Text files can be processed directly in Vadalog to extract concepts and relationships from textual content. The text datasource supports various text formats and can extract structured information from unstructured text.

Example: Reading from Text File

This example demonstrates how to read from a text file and extract structured information.

% Define the data model for the 'location' concept
@model("location","['Name:string', 'Description:string']").

% Bind the 'location' concept to the text file
@bind("location","text","/path/to/file","hansel_gretel_excerpt.txt").

% Define a rule to extract Name and Description from the text file
location_head(Name,Description) <- location(Name,Description).

% Declare the output concept 'location_head' for making the processed data available
@output("location_head").

Binary Files

Binary files support various formats including PDF, JPG, PNG, and other formats. Vadalog can extract concepts and relationships from binary files, making it suitable for processing documents and images.

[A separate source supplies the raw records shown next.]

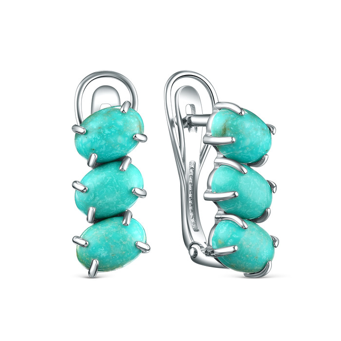 Серьги из серебра с натуральной бирюзой родированные 925 пробы 04-202-0408-30
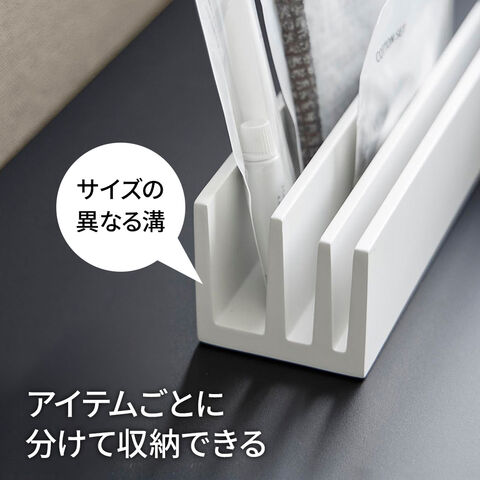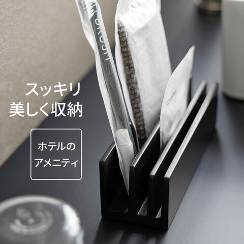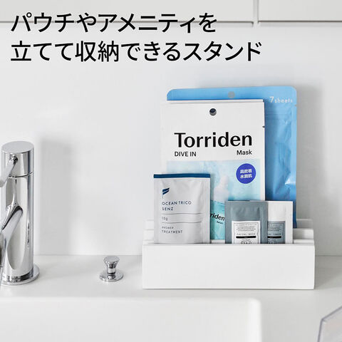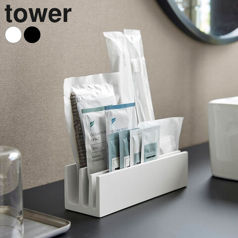 山崎実業 tower タワー パウチ&アメニティスタンド 横型 ホワイト 10575/ブラック 10576 | 小物収納 アメニティスタンド 小物スタンド 立てて収納 フェイスパック アメニティ 化粧品 コスメ サンプル パウチ 高級感 ホテルライク 洗面台 洗面所 脱衣所
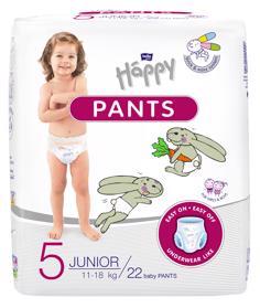 Natahovací plenkové kalhotky Bella Happy Pants Junior jsou určeny dětem o hmotnosti 11 – 18 kg a jsou novinkou v sortimentu značky Bella Baby Happy.
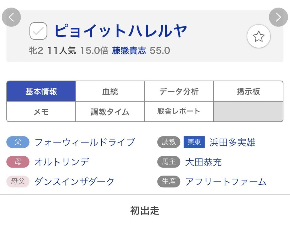 【競馬】9/28 阪神5Rで『ピョイットハレルヤ』がデビュー!

Example: Reading from PDF File

This example demonstrates how to read from a PDF file and extract structured information.

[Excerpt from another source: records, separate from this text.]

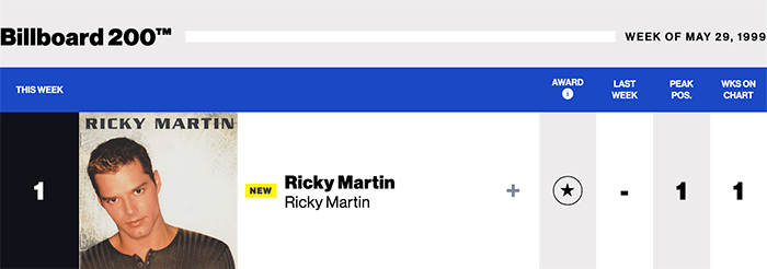 |Ricky Martin.com | Ricky Martin(Billboard Chart History)|
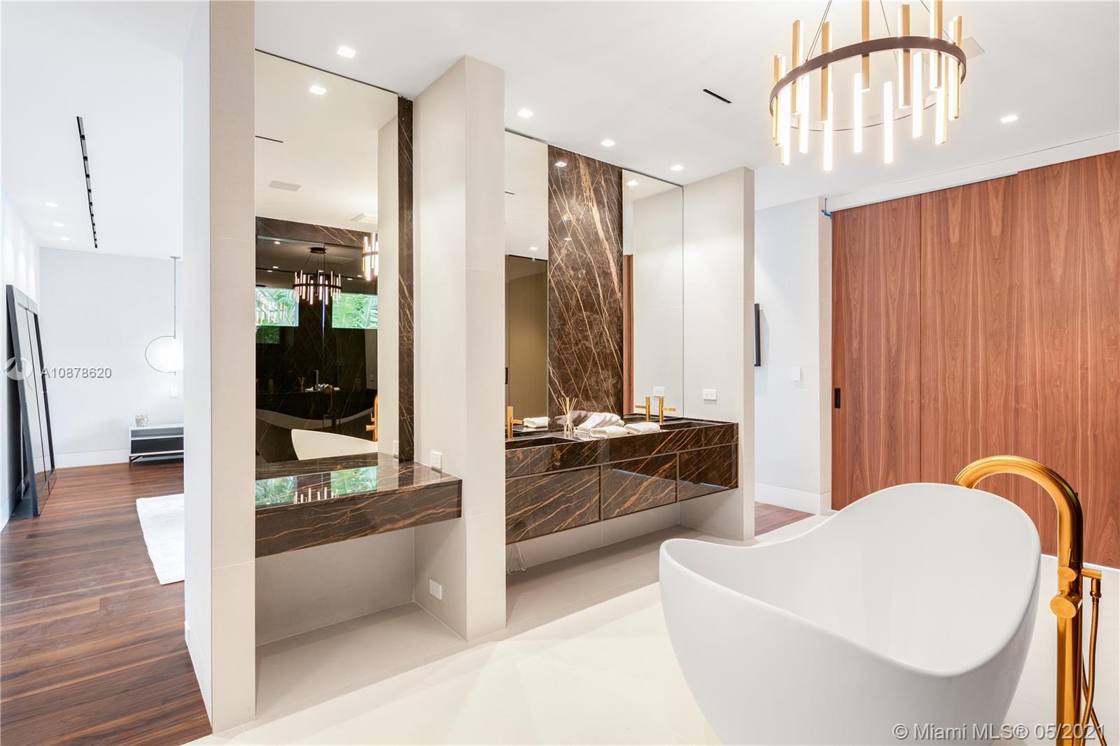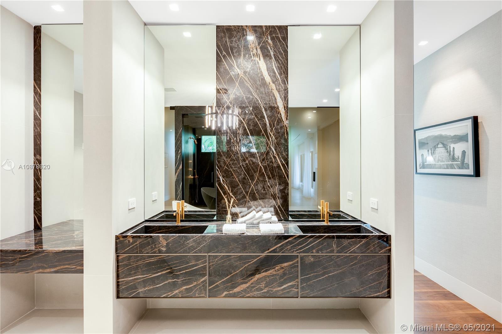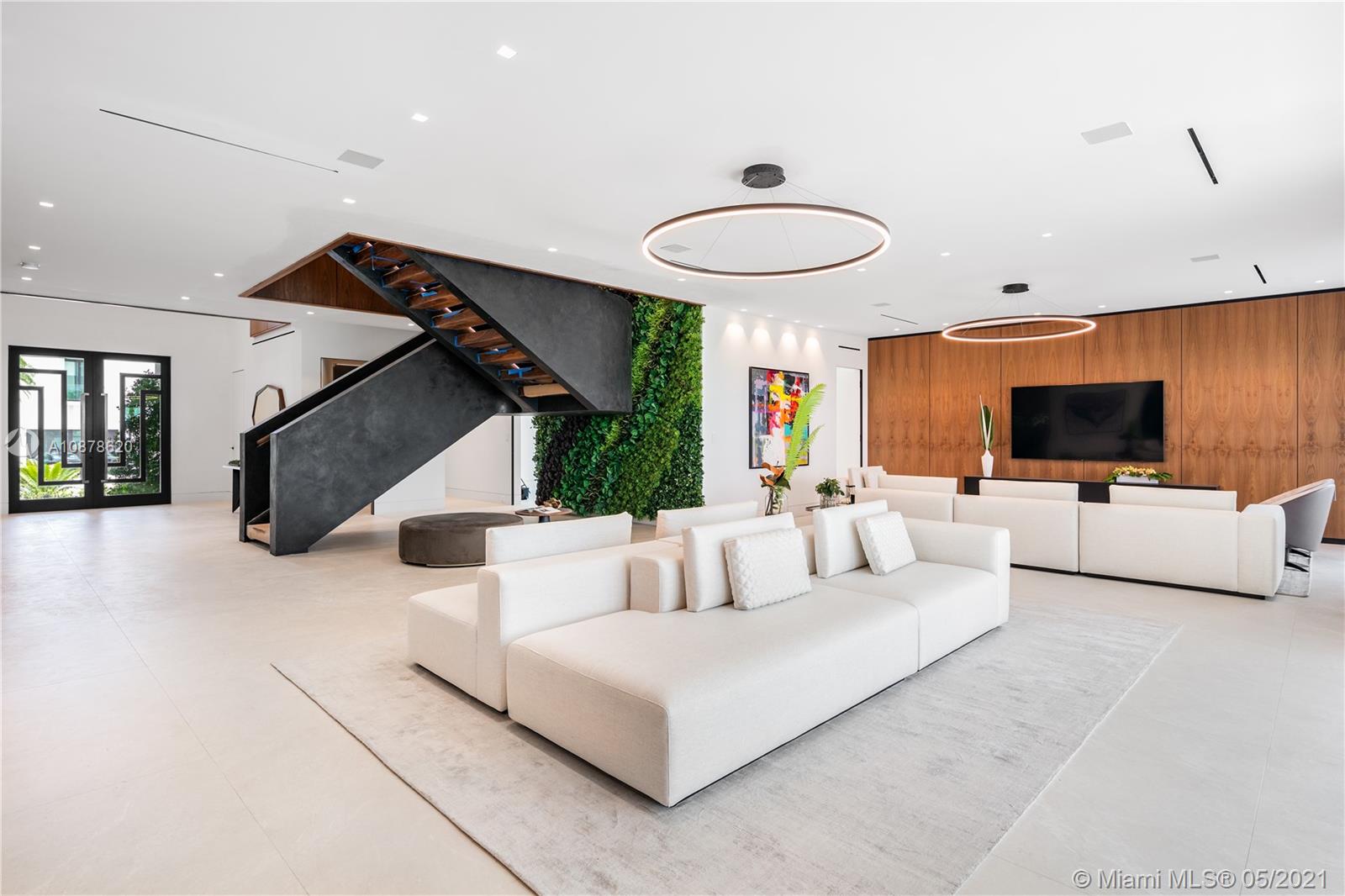Situated on the Open Bay w/ endless water & west sunset views, this Completely Rebuilt Contemporary home features 7100 SF of Living Space complimented by top of the line finishes throughout. Enjoy a perfect layout for family living & entertainment which features 8 BD, 8.5 BA + home office. The 1st floor sets the tone w/ 60x60 porcelain tiles, one of a kind staircase w/ live green wall & a Snaidero Kitchen comprised of wood taken from the pilasters of Venice. Upstairs you'll be blown away by the master retreat which boasts breathtaking western views of the bay & sunsets, private lounge / sitting room, bespoke master bathroom w/ steam shower & enormous his & hers closets. The backyard provides a tropical setting w/ pool & spa, new seawall cap & brand new 60' dock.
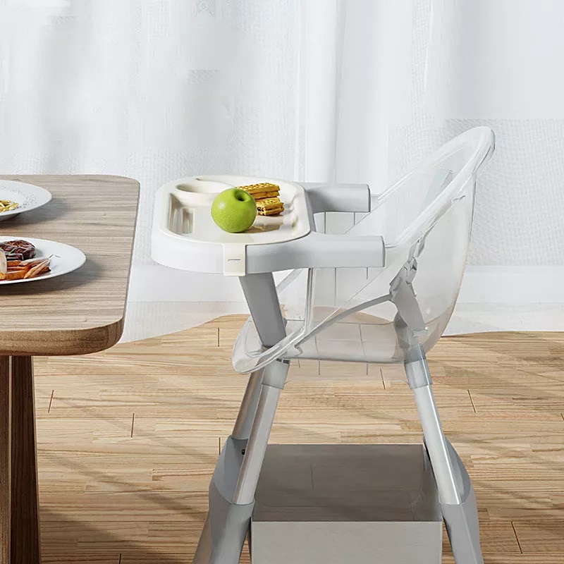 Functionalitatile sale fac hranirea zilnica a copilului mult mai usoara: tavita dubla ajustabila, centuri de siguranta in 5 puncte, husa detasabila din piele ecologica, suport pentru picioare, cos accesorii, picioare cu talpi aderente.
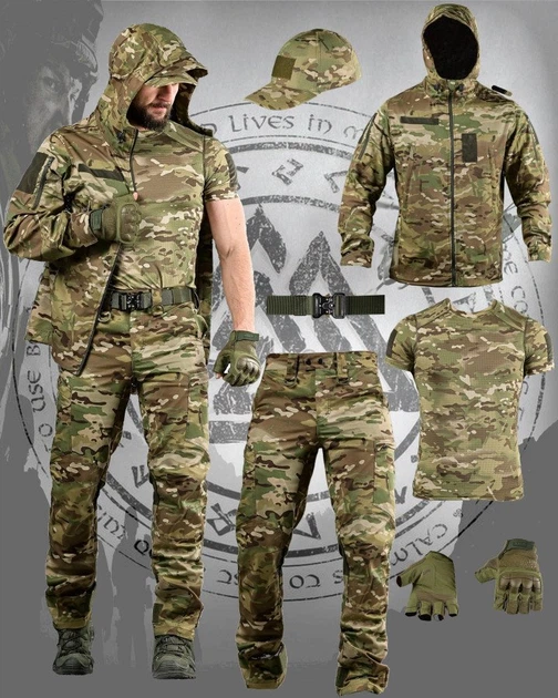 Тактичний костюм 4в1 штани+убакс+куртка+кепка M мультикам (85804)

% Bind the 'person' concept to the PDF file
@bind("person","binaryfile","/path/to/file","hansel_gretel_excerpt.pdf").

% Define a rule to extract Name and Role from the PDF file
person_head(Name,Role) <- person(Name,Role).

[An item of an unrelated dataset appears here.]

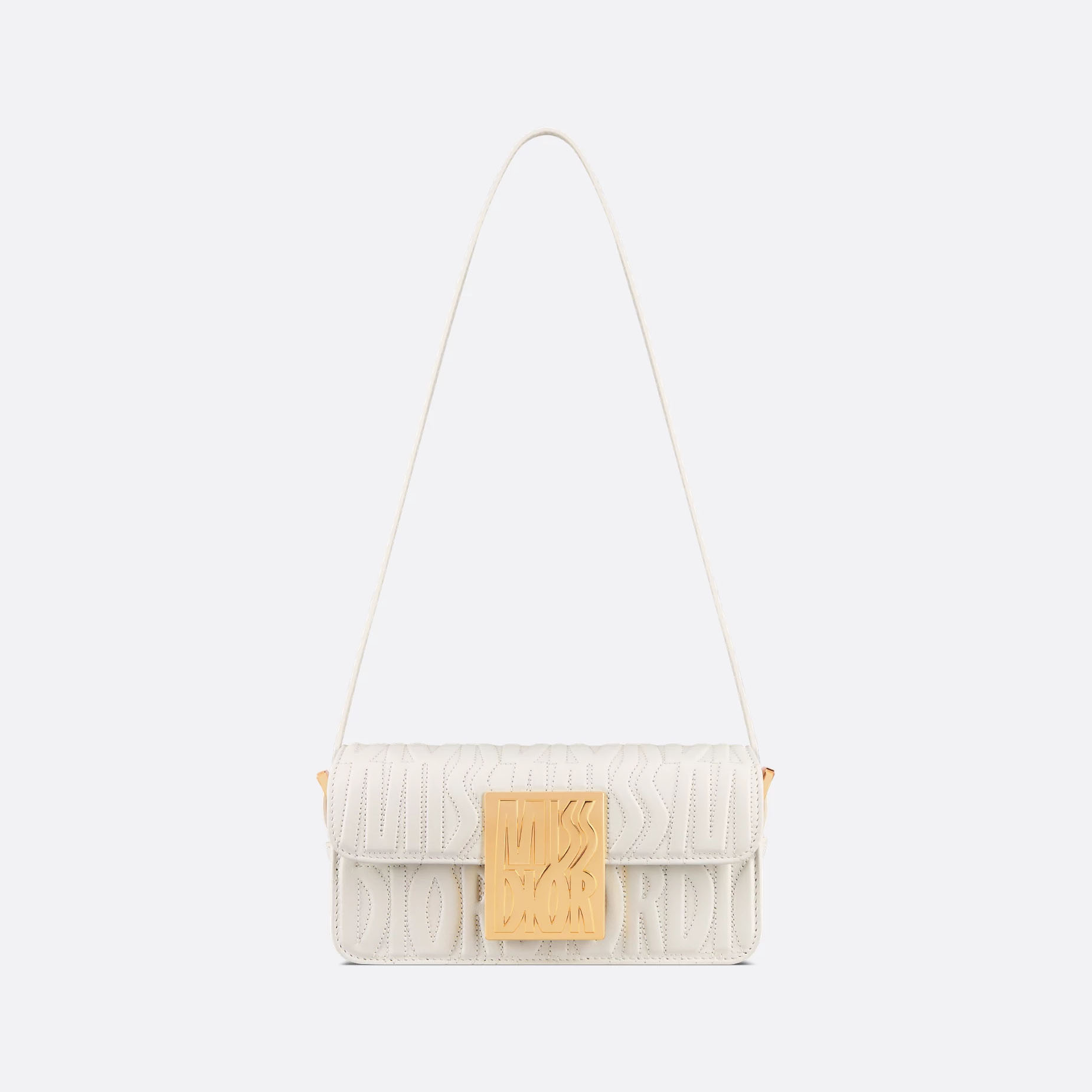 Dior Miss Dior Flap Bag In White Quilted Miss Dior Allover Calfskin With Gold Hardware

% Declare the output concept 'person_head' for making the processed data available
@output("person_head").

Example: Reading from Business Document (Invoice)

Binary files also support structured business documents such as ID documents, receipts, tax forms, mortgage documents, and other standardized business documents. The API supports various document types including:

  • Financial Documents: check.us, bankStatement.us, payStub.us, creditCard, invoice
  • ID Documents: idDocument.driverLicense, idDocument.passport, idDocument.nationalIdentityCard, idDocument.residencePermit, idDocument.usSocialSecurityCard
  • Receipts: receipt.retailMeal, receipt.creditCard, receipt.gas, receipt.parking, receipt.hotel
  • Tax Documents: tax.us.1040.2023, tax.us.w2, tax.us.w4, tax.us.1095A, tax.us.1098, tax.us.1099 (various forms)
  • Mortgage Documents: mortgage.us.1003 (URLA), mortgage.us.1004 (URAR), mortgage.us.closingDisclosure
  • Other Documents: contract, healthInsuranceCard.us, marriageCertificate.us

This example demonstrates how to read from an invoice PDF and extract structured business information.

% Bind the 'iNV_pdf' concept to the invoice PDF file with document type specification
@bind("iNV_pdf","binaryfile documentType='invoice'","/path/to/invoice","INV.pdf").

% Define a rule to extract comprehensive invoice information from the PDF file
iNV__pdf_head(CustomerName,CustomerId,PurchaseOrder,InvoiceId,InvoiceDate,DueDate,VendorName,VendorAddress,VendorAddressRecipient,CustomerAddress,CustomerAddressRecipient,BillingAddress,BillingAddressRecipient,ShippingAddress,ShippingAddressRecipient,SubTotal,TotalDiscount,TotalTax,InvoiceTotal,AmountDue,PreviousUnpaidBalance,RemittanceAddress,RemittanceAddressRecipient,ServiceAddress,ServiceAddressRecipient,ServiceStartDate,ServiceEndDate,VendorTaxId,CustomerTaxId,PaymentTerm,KVKNumber,PaymentUrl,PaymentDetails,TaxDetails,PaidInFourInstallements,Items) <- iNV_pdf(CustomerName,CustomerId,PurchaseOrder,InvoiceId,InvoiceDate,DueDate,VendorName,VendorAddress,VendorAddressRecipient,CustomerAddress,CustomerAddressRecipient,BillingAddress,BillingAddressRecipient,ShippingAddress,ShippingAddressRecipient,SubTotal,TotalDiscount,TotalTax,InvoiceTotal,AmountDue,PreviousUnpaidBalance,RemittanceAddress,RemittanceAddressRecipient,ServiceAddress,ServiceAddressRecipient,ServiceStartDate,ServiceEndDate,VendorTaxId,CustomerTaxId,PaymentTerm,KVKNumber,PaymentUrl,PaymentDetails,TaxDetails,PaidInFourInstallements,Items).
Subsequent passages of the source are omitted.